Gail detected subtext. “Except sometimes?”

He stabbed a finger toward her nose. “Exactly. Except sometimes. Like, for example, the three days before my life as I knew it was forced to end. We handled an outgoing payment of two hundred fifty thousand dollars.”

Gail gasped. “Yowsers.”

Navarro smiled. “My thoughts exactly. We handled the payment in two parts, about a week apart. Half one week and half the second week.” His eyes narrowed. “So, Ms. Private Investigator, what does that sound like to you?”

“Half on contract and half on delivery.”

Navarro gave a conciliatory bow. “I left out a detail. There was no delivery of goods. Just a payment followed by another payment.”

Something clicked in Gail’s head. “A hit?”

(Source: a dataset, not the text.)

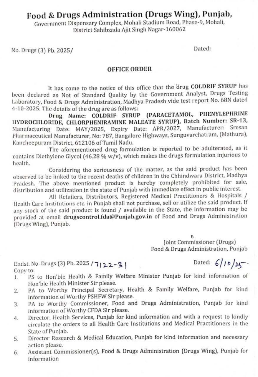 Found dangerous during testing in Madhya Pradesh The order states that the Drug Testing Laboratory of the Food and Drug Administration of Madhya Pradesh has issued a report on October 4, 2025. According to this report, the medicine named Coldrif Syrup has been found not to be of good quality.

He jabbed his finger in the air again. “That’s what I concluded. It’s the only thing that made sense. For that amount of money, it’s somebody damned important. And it certainly makes sense to have a completion bonus. There’s also the fact of the dead drop. I forgot to mention that, too. We weren’t supposed to deliver either payment to a person. Instead, there was a dead drop at a rest stop along the Jersey Turnpike. Lots of money, anonymous recipient.”

Gail found herself nodding. “Definitely a hit.”

“Right. Murder. Cold blood and all that. Be honest with you, that was way beyond anything that I signed up for. Scared the bejesus out of me. It’s one thing to risk disbarment and maybe a year or three in prison, but now we were talking big time.”